Here is the analogy in terms of the greenhouse experiment. Imagine someone unaware that different fertilizers were used inquiring about the plant heights on average. The overall sample mean, an estimate of the true grand mean, will be a suitable response to this inquiry. On the other hand, the overall mean would not be satisfactory information for the experimenter of the study who obviously suspects that there will be height differences among different fertilizer types. Instead, more informative to the experimenter are the plant height estimates after including the effect of the treatment \(\tau_i\).

Note: The actual plant height can never be known because there is an unknown measurement error associated with any observation. The unknown error associated with the ith treatment level and the jth observation is denoted \(\epsilon_{ij}\) (\(i = 1,2,..., T, j = 1,2,...,n_i\)).
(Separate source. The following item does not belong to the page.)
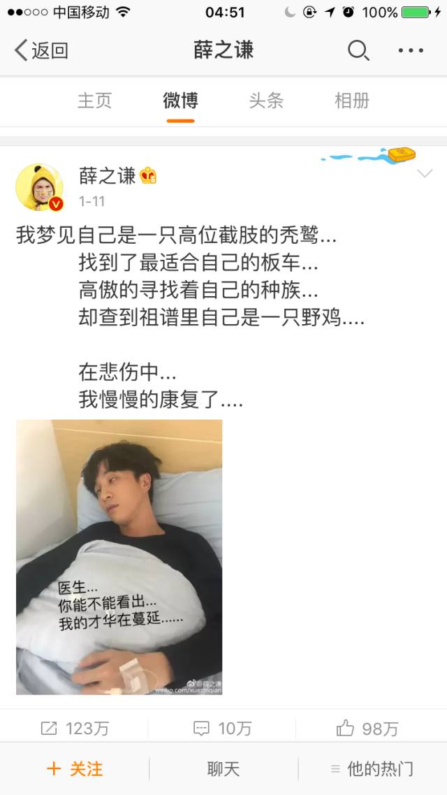 谦谦真正重新火起来是在去年,是在歌火人不火,直至段子手综艺小王子这些名号给火起来之后真正才火的,是在一年参加四十多档综艺节目、满负荷消耗下的火的。薛之谦毫不避讳地承认,他在“硬着头皮做综艺,再干一年一定会疯”;而为了他视之为生命的“音乐”,可以把所有饭碗都丢了,包括他当成事业来经营的微博。
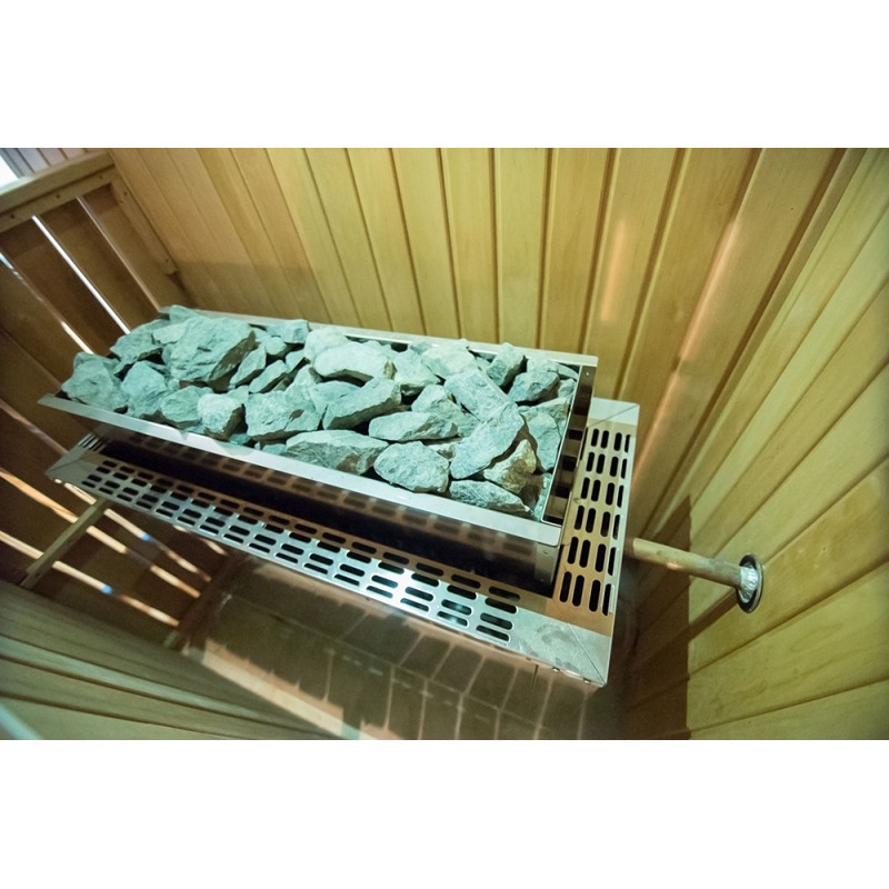 - Bastun värms upp av en elektrisk värmare - Harvia Profi. Denna värmare är utformad för de största offentliga baden. Extremt stark konstruktion av rostfritt stål.

It is a random component (noise) that reflects the unexplained variability among plants within treatment levels.

Under the null hypothesis where the treatment effect is zero, the reduced model can be written \(Y_{ij}=\mu+\epsilon_{ij}\).

Under the alternative hypothesis, where the treatment effects are not zero for at least one treatment level, the full model can be written \(Y_{ij}=\mu +\tau_i+\epsilon_{ij}\).
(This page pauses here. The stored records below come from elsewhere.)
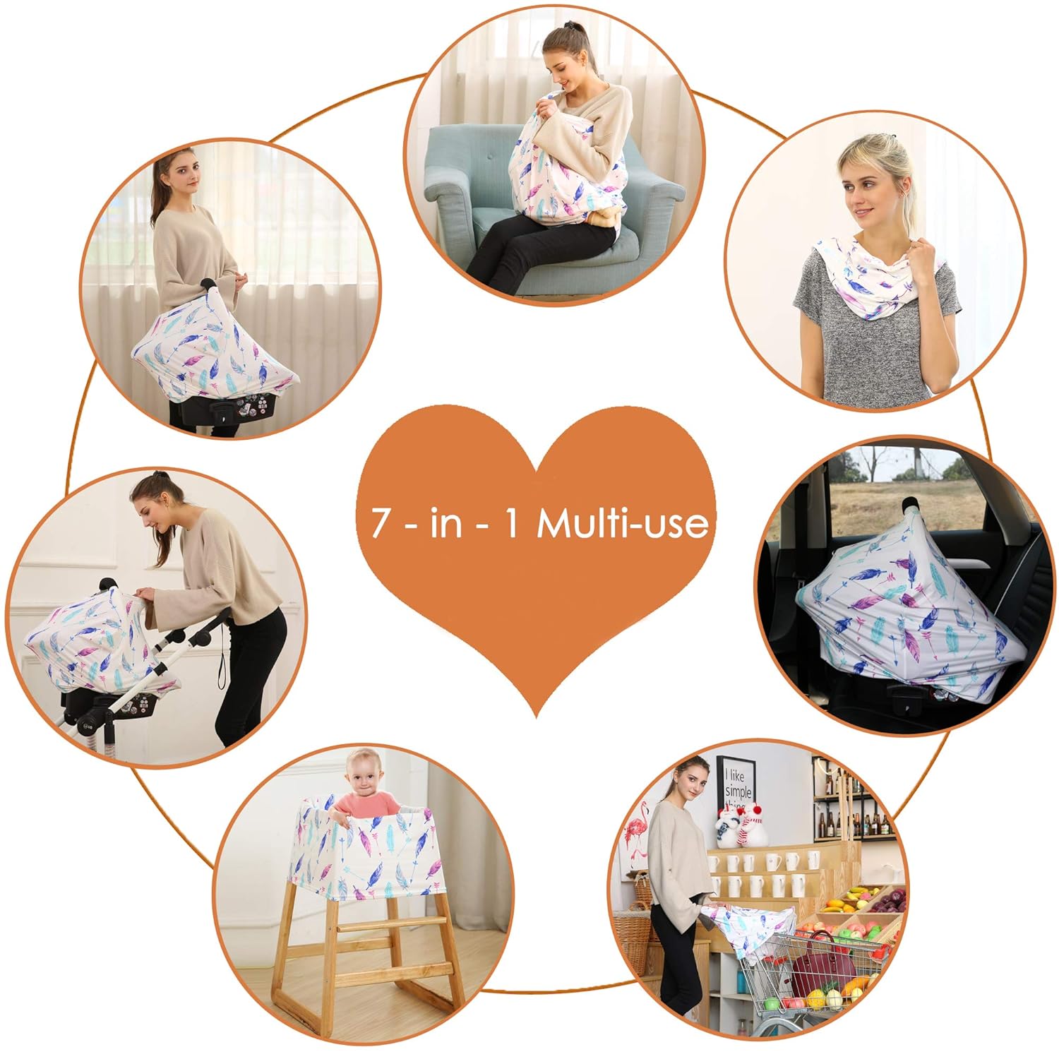 - Multi-use covers for new mothers – Car Seat Covers, breastfeeding covers, shopping cart cover, feeding chair cover.
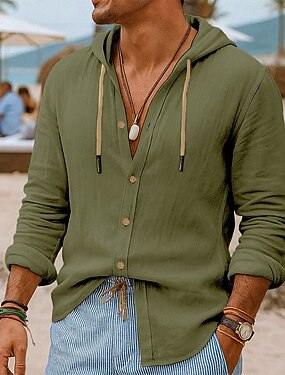 Per uomo Camicia Camicia di lino Abbigliamento da spiaggia Camicia con Bottoni Camicia con cappuccio Semplice Vacanza Casuale Nero Bianco Blu Verde Manica Lunga Con Cappuccio Estate Primavera & Estate
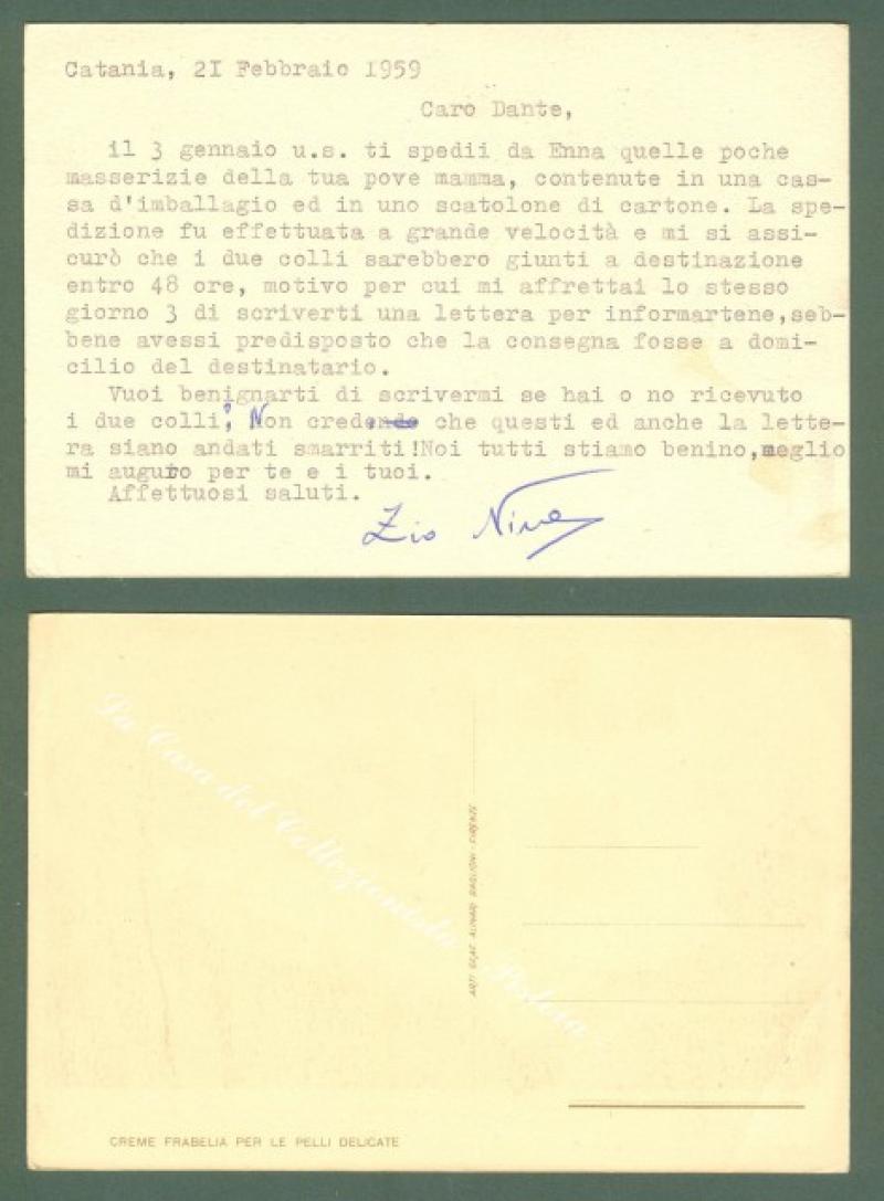 CREMA FRABELIA - POLVERE DA SPARO SIPE. Due cartoline d'epoca pubblicitarie (una viaggiata nel 1959). Ottima conservazione. (Rif.D471)

If \(SSE(R)\) denotes the error sums of squares associated with the reduced model and \(SSE(F)\) denotes the error sums of squares associated with the full model, we can utilize the General Linear Test approach to test the null hypothesis using the test statistic:

\(F=\frac{\left(\dfrac{SSE(R)-SSE(F)}{df_R-df_F}\right)}{\left(\dfrac{SSE(F)}{df_F}\right)}\)
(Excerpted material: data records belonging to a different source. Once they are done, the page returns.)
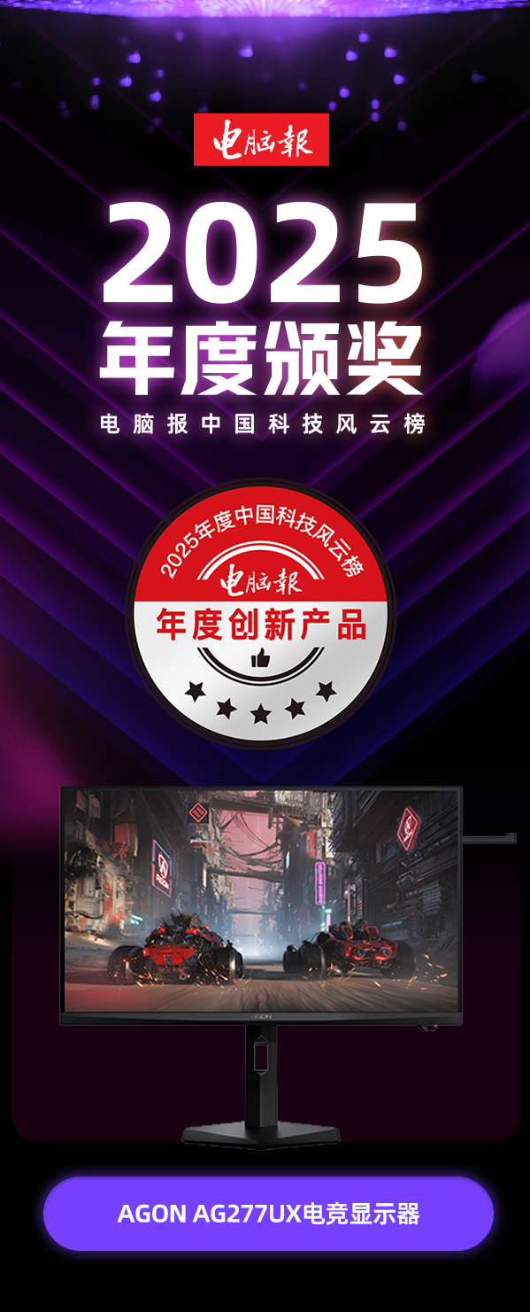 近日,《电脑报》2025年度中国科技风云榜重磅揭晓!在这场汇聚顶尖科技成果的年度盛典中,AGON爱攻 AI 定制芯片 电竞显示器 AG277UX,凭借 AI 与双模技术的创新应用,在激烈的角逐中脱颖而出,一举斩获 “年度创新产品” 大奖!
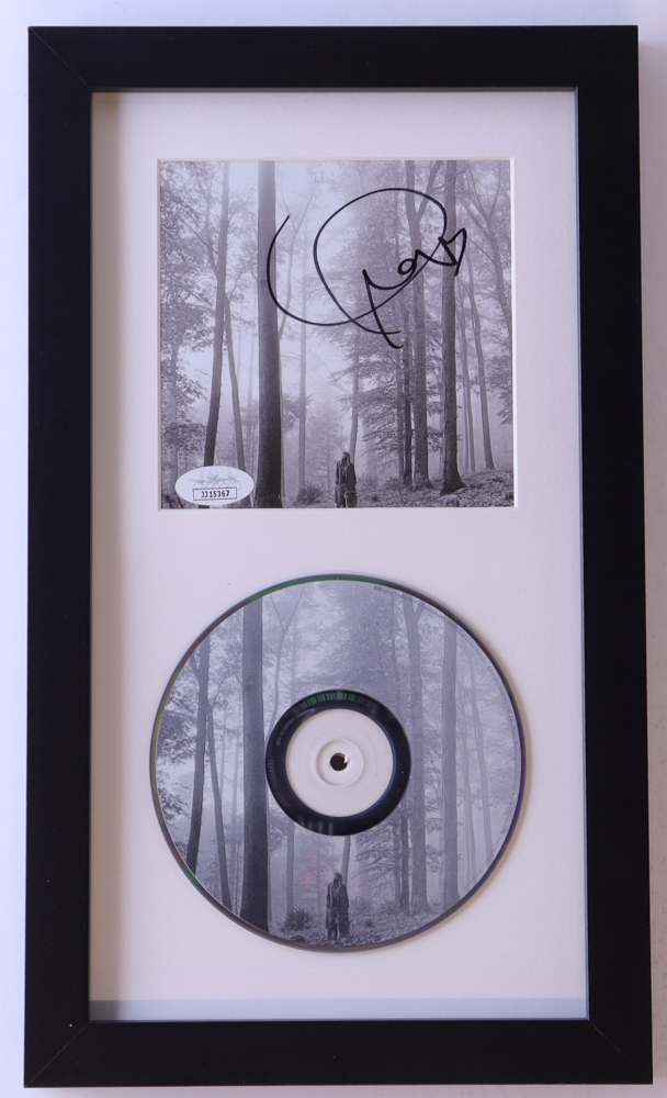Custom frame measures approximately 8" x 13.5" in size. Features a "Folklore" CD album cover that has been hand-signed by Taylor Swift. The CD disc is included as shown.
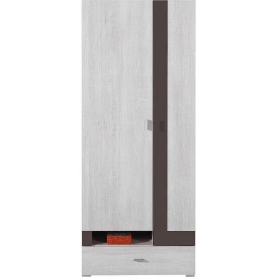 Szafa w kolorze sosna biała z kolekcji Next to doskonała propozycja do pokoju dziennego, ale znajdzie swoje miejsce również w innym pomieszczeniu, jak na przykład - przedpokój czy garderobie, sypialni. Materiał wykonania to płyta laminowana. Szafa posiada półki, drążek na ubrania oraz szuflady. Wygląd szafy sprawi, że wpasuje się w większość aranżacji. Szafa będzie świetnym miejscem do wieszania ubrań, na buty lub inne domowe tekstylia. Nowoczesny styl mebli wpadnie do gustu każdemu, kto poszukuje eleganckiego, klasycznego, a zarazem nowoczesnego umeblowania. Szafa przeznaczona do samodzielnego montażu.
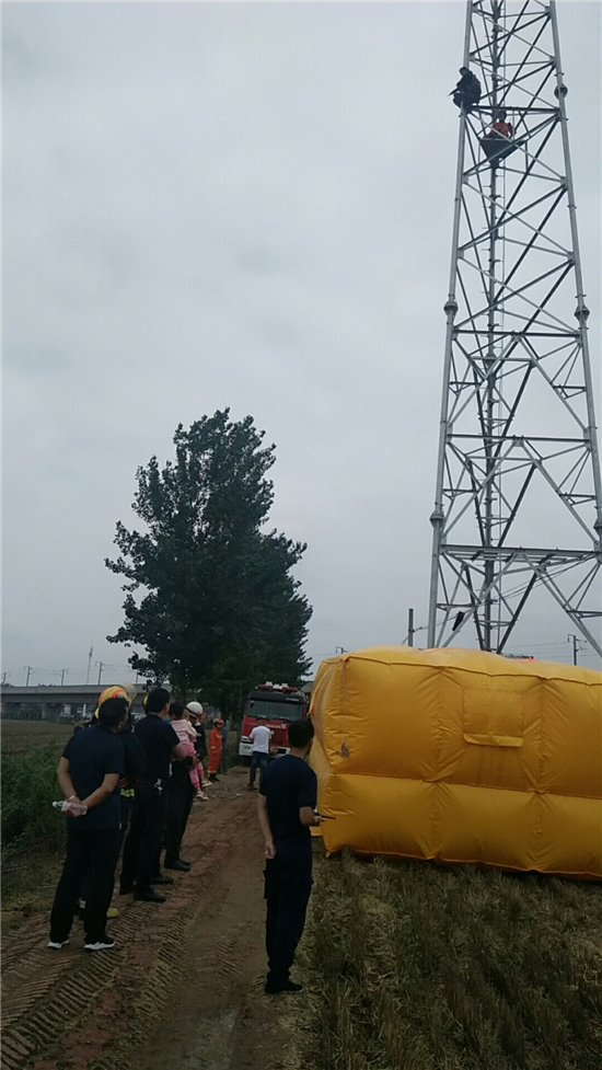 一名山東籍男子因感情矛盾,爬上位于沈丘縣付井鎮(zhèn)轄區(qū)一50多米高的信號(hào)塔上準(zhǔn)備自殺。6月18日上午,經(jīng)聞?dòng)嵹s來(lái)的該鎮(zhèn)鎮(zhèn)長(zhǎng)高光及派出所長(zhǎng)陳劍鵬等人近4小時(shí)勸說(shuō)該男子最終放棄輕生念頭。

Under the null hypothesis, this statistic has an F-distribution with numerator and denominator degrees of freedom equal to \(df_R-df_F\) and \(df_F\), respectively, where \(df_R\) is the degrees of freedom associated with \(SSE(R)\) and \(df_F\) is the degree of freedom associated with \(SSE(F)\). It is easy to see that \(df_R=N-1\) and \(df_F=N-T\) where \(N=\sum_{i=1}^{T} n_{i}\).

Also,

\(SSE(R) = \sum_i \sum_j (Y_{ij} - \bar{Y}_{..})^2=SS_{Total}\) (See Section 2.2)

Therefore the test statistic can be rewritten solely in terms from the full model (dropping the "\((F)\)" notation),

\begin{aligned} F &= \frac{\left(\dfrac{SS_{Total}-SSE}{T-1}\right)}{\left(\dfrac{SSE}{N-T}\right)} \\ &= \frac{\left(\dfrac{SS_{Trt}}{df_{Trt}}\right)}{\left(\dfrac{SSE}{df_{Error}}\right)} \\ &= \frac{MS_{Trt}}{MSE} \end{aligned}

Note that this is the same test statistic derived in Section 2.2 for testing the treatment significance. If the null hypothesis is true, then the treatment effect is not significant. If we reject the null hypothesis, then we conclude that the treatment effect is significant, which leads to the conclusion that at least one treatment level is better than the others.